## Activity:
All of the records below are to be given again word for word, with the pictures removed.

Record extracts section start

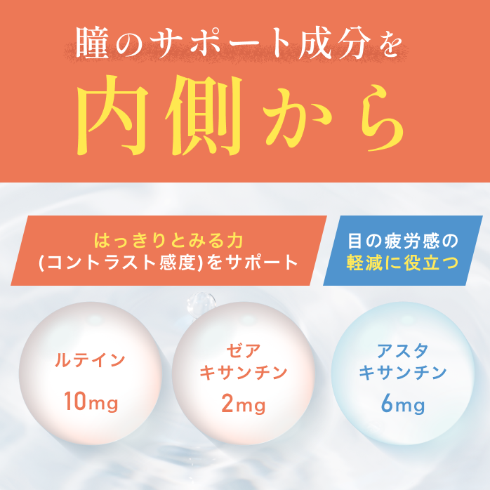 目を内側からサポートしてくれる成分がたっぷりと配合されているだけでなく
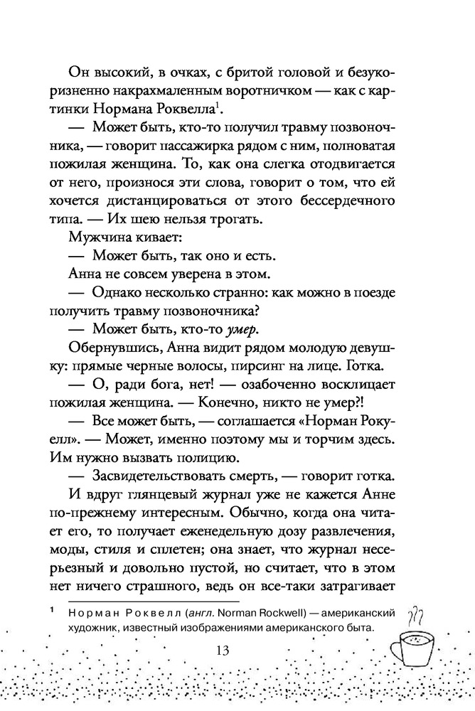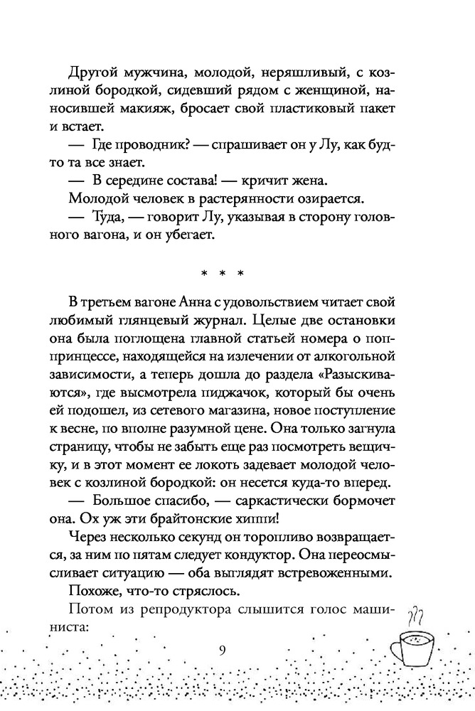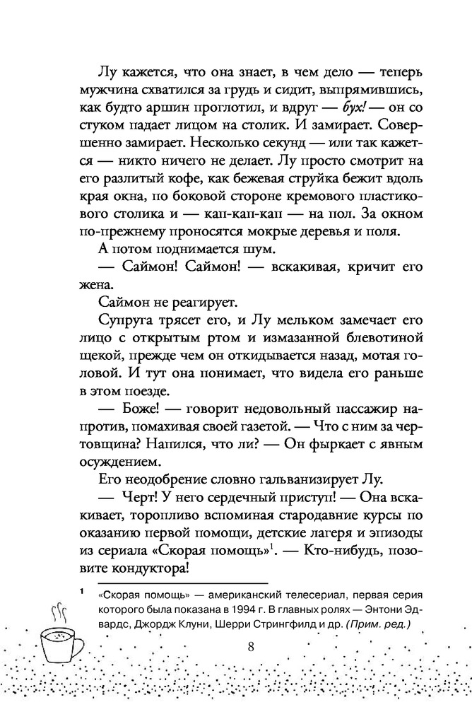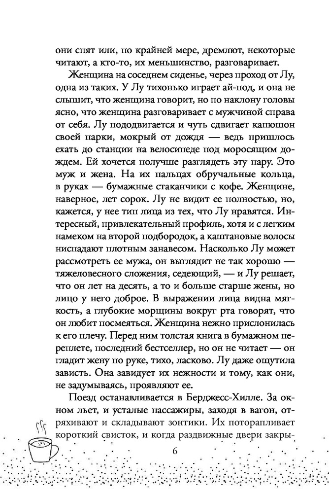 По названию и описанию надеялась на легкую интересную историю, однако меня ждало глубокое психологическое чтиво, пропитанное горем и грустью. Книга не понравилась, потому что не попала под настроение. Совсем не хотелось грустить и сопереживать героям. Но нужно отдать должное автору: хорошо прописаны характеры героев, их чувства и поступки. Все персонажи очень реальные. Они - обычные люди со своими маленькими радостями, проблемами, комплексами и, конечно же, горем, которое их объединило и поменяло судьбу. Временами мне было скучно из-за откровенной повседневности. Испытала облегчение, когда дочитала ее.
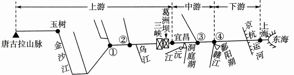 6. 图中长江沿岸的港口城市和交汇支流,对应正确的是(
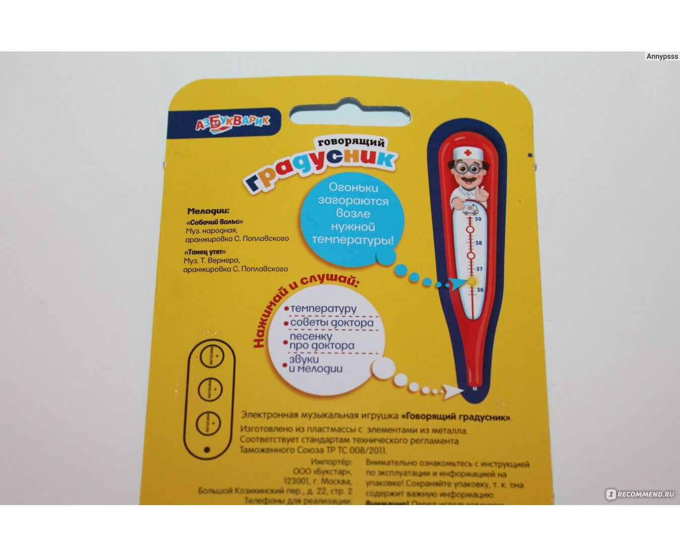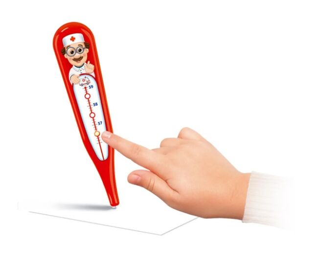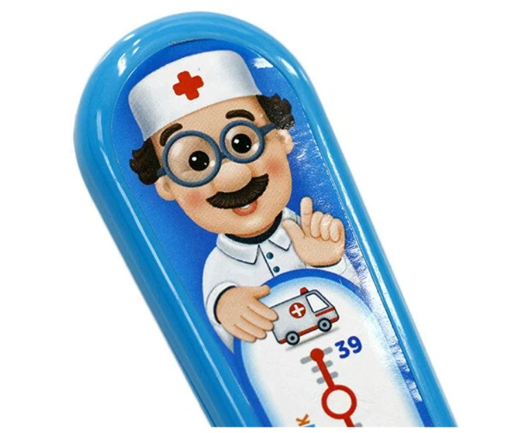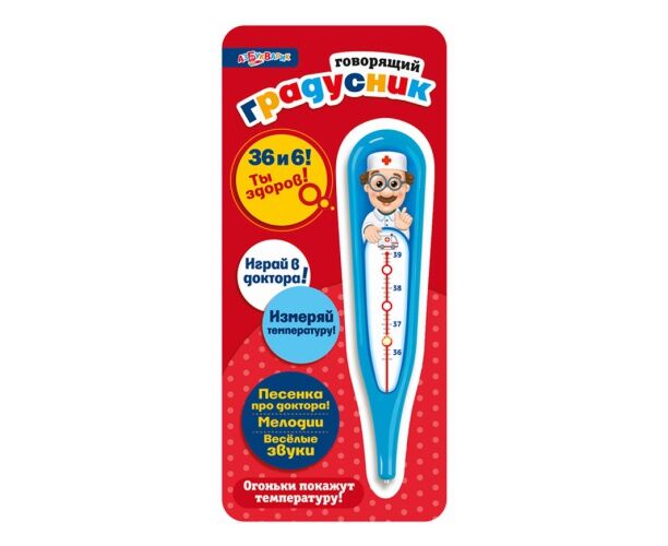 Электронная музыкальная игрушка из пластмассы с огоньками. С помощью этой необыкновенной игрушки ребёнок сможет почувствовать себя настоящими доктором. Говорящий градусник определит температуру и даст полезный совет – стоит только прикоснуться к плюшевому мишке или заболевшей кукле. А ещё малышу обязательно понравятся забавные мелодии («Собачий вальс», «Танец утят») и весёлая песенка про доктора!
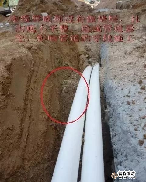 ①電纜溝體沒(méi)有完全開(kāi)挖,溝底的土方?jīng)]有清理的情況下,敷設(shè)電纜導(dǎo)管。
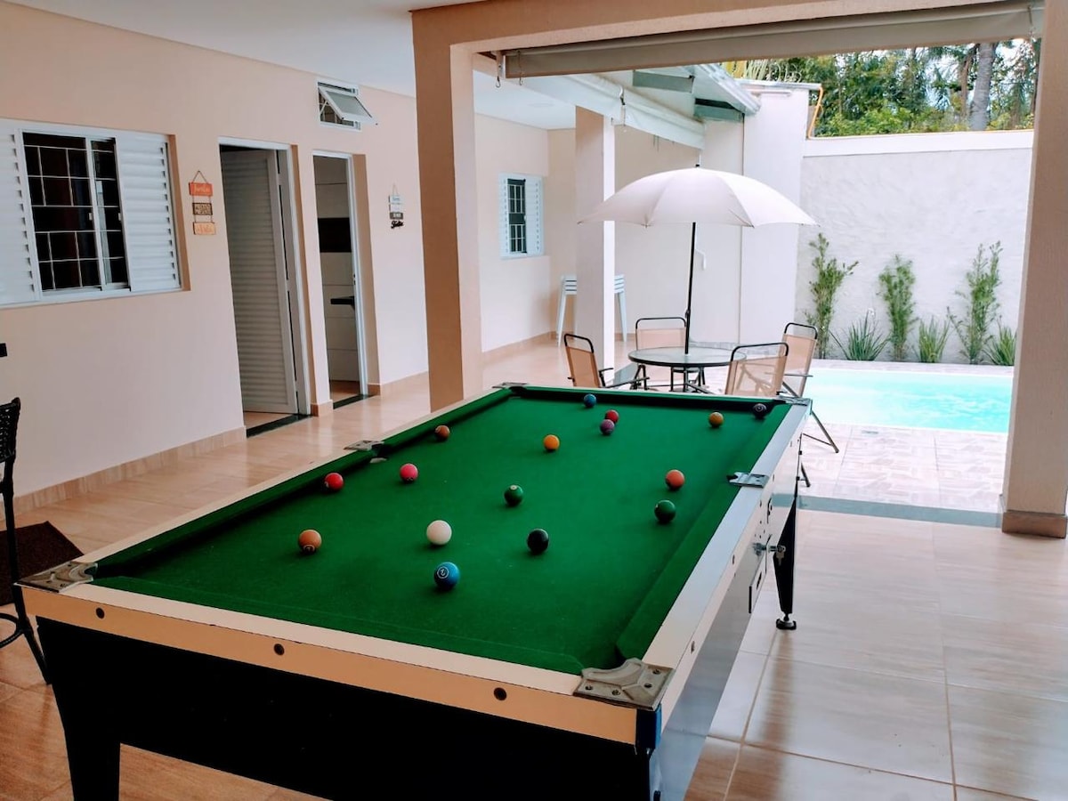 Rancho Villa Bella – Pohodlí a volný čas poblíž Uberlândie! Jen 15 km od Uberlândia, v uzavřené komunitě, Rancho Villa Bella je ideální destinací pro nezapomenutelné chvíle. S 5 ložnicemi, 9 lůžky (5 dvoulůžek a 5 jednolůžek) a 1 přistýlkou pro pohodlné ubytování rodiny nebo skupiny. The leisure area has a heated pool and pool table, which ensure fun and relax. Užij si klid a rezervuj si pobyt nyní!
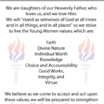 WE ARE DAUGHTERS of our Heavenly Father, who loves us, and we love Him. WE WILL “STAND as witnesses of God at all times and in all things, and in all places” (Mosiah 18:9) as we strive to live the Young Women values, which are
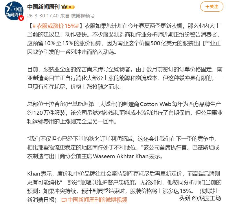 南亚冲突使买一件T恤要多花20块?大家买衣服的思路可以变一变了。 由于南亚地区冲突导致能源和物流成本飙升,服装制造业正面临不小的压力。有巴基斯坦的制造商透露,他们工厂的电费和运费都在涨,虽然之前签的订单价格还能扛一阵子,但等现有库存卖完,该涨的迟早会涨。行业里普遍预测,到今年夏天结束的时候,服装价格可能要涨10%到15%。 这个涨幅对于普通消费者来说,意味着一件原本200块的T恤,过几个月可能要花220多才能买到。尤其是那些走平价路线的品牌,成本压力传导得最快,吊牌价很可能会直接往上调,高端品牌或许还能自己消化一部分。但不管怎么说,商家也不可能一直赔本赚吆喝,最终买单的其实还是消费者。 这样一来,普通人的购物习惯可能就得跟着变一变了。正价渠道的价格一旦上去了,很多人自然会开始留意别的方式。 其实这几年已经有这个趋势了。以前大家买衣服,习惯盯着商场专柜或者品牌旗舰店,新品上市就冲。但现在越来越多人会先去奥莱、唯品会这种折扣渠道翻一翻,看看同样的牌子有没有打折。 就拿唯品会来说,一直是做的品牌特卖的生意,这两年铁粉也越来越多,就是因为大家发现——同样的衣服,换个渠道买,质量都一样,但价格可能只有正价的一半甚至更低。 说到底,衣服涨价这事不是消费者能控制的。但怎么买、在哪儿买,主动权还是在自己手里。与其被动接受涨价,不如主动换个思路,把预算花得更聪明一点。毕竟,穿得好看和花得值,这两件事本来就不冲突。
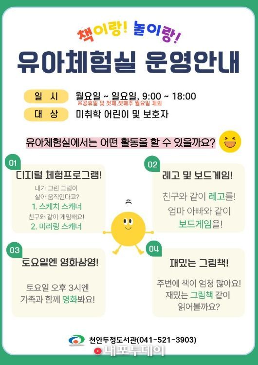 (내포투데이) 천안시 두정도서관은 미취학 아동을 위한 ‘놀이 기반 독서 환경’인 유아체험실을 운영해 주민들로부터 호응을 얻고 있다고 12일 밝혔다.
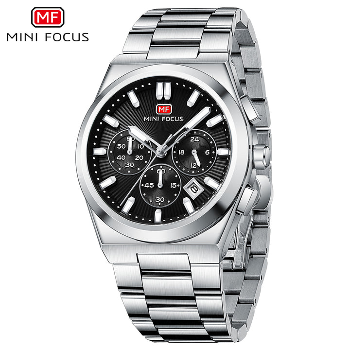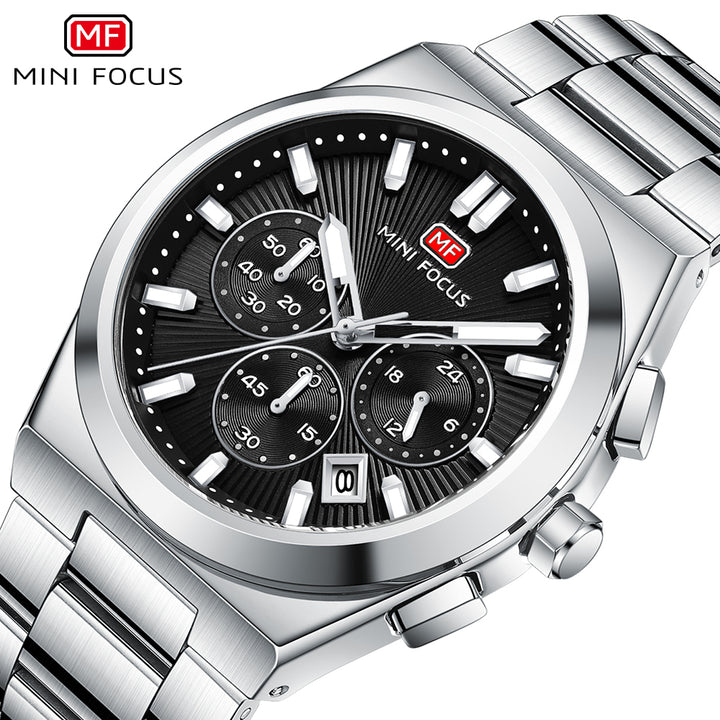 Mini Focus Silver Stainless Steel Black Dial Chronograph Quartz Watch for Gents - MF0614G-01

Record extracts section end

## Output below:
 目を内側からサポートしてくれる成分がたっぷりと配合されているだけでなく
 По названию и описанию надеялась на легкую интересную историю, однако меня ждало глубокое психологическое чтиво, пропитанное горем и грустью. Книга не понравилась, потому что не попала под настроение. Совсем не хотелось грустить и сопереживать героям. Но нужно отдать должное автору: хорошо прописаны характеры героев, их чувства и поступки. Все персонажи очень реальные. Они - обычные люди со своими маленькими радостями, проблемами, комплексами и, конечно же, горем, которое их объединило и поменяло судьбу. Временами мне было скучно из-за откровенной повседневности. Испытала облегчение, когда дочитала ее.
 6. 图中长江沿岸的港口城市和交汇支流,对应正确的是(
 Электронная музыкальная игрушка из пластмассы с огоньками. С помощью этой необыкновенной игрушки ребёнок сможет почувствовать себя настоящими доктором. Говорящий градусник определит температуру и даст полезный совет – стоит только прикоснуться к плюшевому мишке или заболевшей кукле. А ещё малышу обязательно понравятся забавные мелодии («Собачий вальс», «Танец утят») и весёлая песенка про доктора!
 ①電纜溝體沒(méi)有完全開(kāi)挖,溝底的土方?jīng)]有清理的情況下,敷設(shè)電纜導(dǎo)管。
 Rancho Villa Bella – Pohodlí a volný čas poblíž Uberlândie! Jen 15 km od Uberlândia, v uzavřené komunitě, Rancho Villa Bella je ideální destinací pro nezapomenutelné chvíle. S 5 ložnicemi, 9 lůžky (5 dvoulůžek a 5 jednolůžek) a 1 přistýlkou pro pohodlné ubytování rodiny nebo skupiny. The leisure area has a heated pool and pool table, which ensure fun and relax. Užij si klid a rezervuj si pobyt nyní!
 WE ARE DAUGHTERS of our Heavenly Father, who loves us, and we love Him. WE WILL “STAND as witnesses of God at all times and in all things, and in all places” (Mosiah 18:9) as we strive to live the Young Women values, which are
 南亚冲突使买一件T恤要多花20块?大家买衣服的思路可以变一变了。 由于南亚地区冲突导致能源和物流成本飙升,服装制造业正面临不小的压力。有巴基斯坦的制造商透露,他们工厂的电费和运费都在涨,虽然之前签的订单价格还能扛一阵子,但等现有库存卖完,该涨的迟早会涨。行业里普遍预测,到今年夏天结束的时候,服装价格可能要涨10%到15%。 这个涨幅对于普通消费者来说,意味着一件原本200块的T恤,过几个月可能要花220多才能买到。尤其是那些走平价路线的品牌,成本压力传导得最快,吊牌价很可能会直接往上调,高端品牌或许还能自己消化一部分。但不管怎么说,商家也不可能一直赔本赚吆喝,最终买单的其实还是消费者。 这样一来,普通人的购物习惯可能就得跟着变一变了。正价渠道的价格一旦上去了,很多人自然会开始留意别的方式。 其实这几年已经有这个趋势了。以前大家买衣服,习惯盯着商场专柜或者品牌旗舰店,新品上市就冲。但现在越来越多人会先去奥莱、唯品会这种折扣渠道翻一翻,看看同样的牌子有没有打折。 就拿唯品会来说,一直是做的品牌特卖的生意,这两年铁粉也越来越多,就是因为大家发现——同样的衣服,换个渠道买,质量都一样,但价格可能只有正价的一半甚至更低。 说到底,衣服涨价这事不是消费者能控制的。但怎么买、在哪儿买,主动权还是在自己手里。与其被动接受涨价,不如主动换个思路,把预算花得更聪明一点。毕竟,穿得好看和花得值,这两件事本来就不冲突。
 (내포투데이) 천안시 두정도서관은 미취학 아동을 위한 ‘놀이 기반 독서 환경’인 유아체험실을 운영해 주민들로부터 호응을 얻고 있다고 12일 밝혔다.
 Mini Focus Silver Stainless Steel Black Dial Chronograph Quartz Watch for Gents - MF0614G-01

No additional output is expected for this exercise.